Valentine’s Day is a day to celebrate the martyrdom of the notoriously romantic St. Valentine. Right? When Googling the history of Valentine’s Day I found some interesting information. St. Valentine was a priest who fought against the Roman Emperor Claudius’ ridiculous declaration that single men make better soldiers and his outlaw of marriage by marrying young couples in secret. When he was discovered he was put to death on February 14th. Or perhaps St. Valentine was killed after it was discovered that he helped Christians escape being beaten and tortured in Roman prisons. Another account claims that St. Valentine fell in love with the jailor’s daughter while he was imprisoned (perhaps for one of the previously mentioned reasons) and sent a letter signed “From Your Valentine,” thereby sending the first ever “valentine.” Others say the holiday originated with the Pagan fertility festival, Lupercalis, which was celebrated on February 15th, but was renamed and dedicated to a saint by Christians in an attempt to make the transition from Paganism to Christianity a little easier.
The history, I suppose, is mostly irrelevant these days. Valentine’s Day has become a commercialized sensation. According to the Greeting Card Association, an estimated one billion cards are sent each year in the name of love. Some cynics of the holiday say that it is a joke. Why should we spend our hard earned money on this day each year to tell the people we care about that we love them? Because some ancient inmate named Valentine fell in love, or because some ancient Romans wanted to get knocked up? No thank you.
I tend to disagree. Life is hectic. There is always so much to do and so little time. I think it’s safe to say that many of us are guilty of taking the people close to us for granted from time to time. We assume that they know we love them, and they probably do. But isn’t it nice to take a moment now and again to tell them? And if billions of other people also decide to take a moment out of their busy lives to do something nice for their loved ones on the same day, is that really such a bad thing?
I love all holidays. Perhaps it is the compulsive shopper in me talking, but I find holidays to be exciting. Growing up, my mom always used all major holidays as an excuse to buy my sister and I something. Even if it was something small, we absolutely loved it. I plan to do the same with Emmalee. Maybe this is just another bullet to add to the list of ways that I am spoiling her, but maybe not. According to Dictionary.com, to spoil means “to impair, damage, or harm the character of someone by … excessive indulgence.” I don’t consider my character to have been impaired, damaged or harmed by the holiday indulgences. I don’t think Emmalee will suffer either. At least I hope not.

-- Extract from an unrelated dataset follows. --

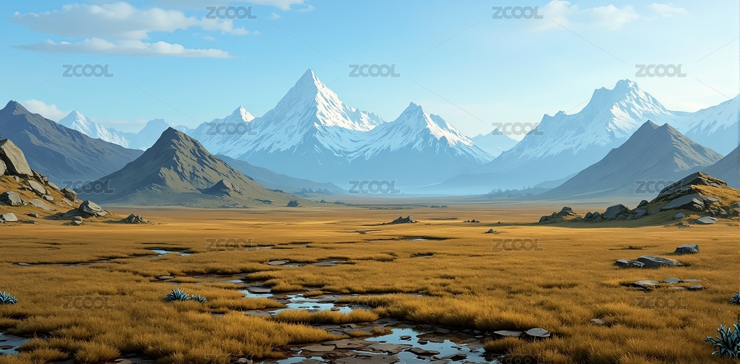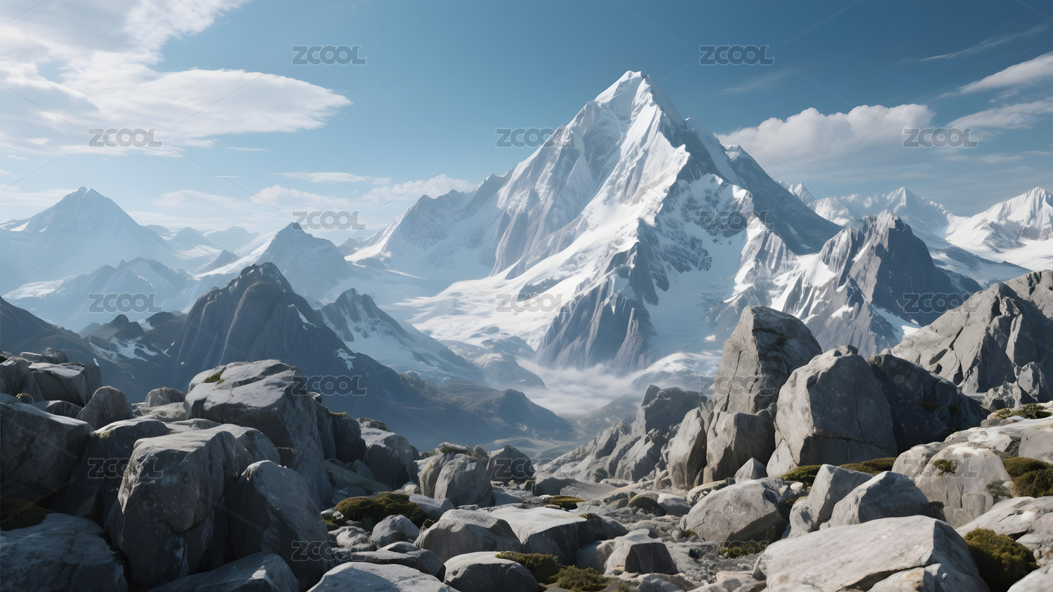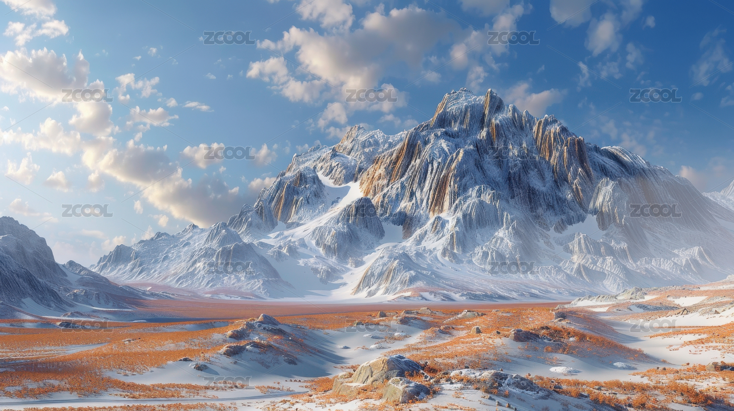 3D渲染山丘山脉高山大山山峰数字艺术插画

This past year has been especially exciting because each holiday that passes is Emmalee’s first. Her first St. Patrick’s Day, Easter, 4th of July, Halloween, Thanksgiving, Christmas, New Year, and now Valentine’s Day. This Valentine’s Day was a little bittersweet for me as it marked the last first holiday Emmalee would experience, with the exception of her birthday (which is a holiday, right?). Her first birthday is fast approaching and as excited as I am to celebrate I also can’t believe that a year has already just about passed. I look at it as just another reminder of how quickly time passes by and I feel even more certain that we should take every excuse we are given to stop for a moment and rejoice with the ones we love most.
(I suppose this blog would have been more fun to read had it been posted on Valentine’s Day, but I’ve been sick. So forgive me… in the name of St. Valentine/fertility/consumerism/love... you pick the one that feels right.)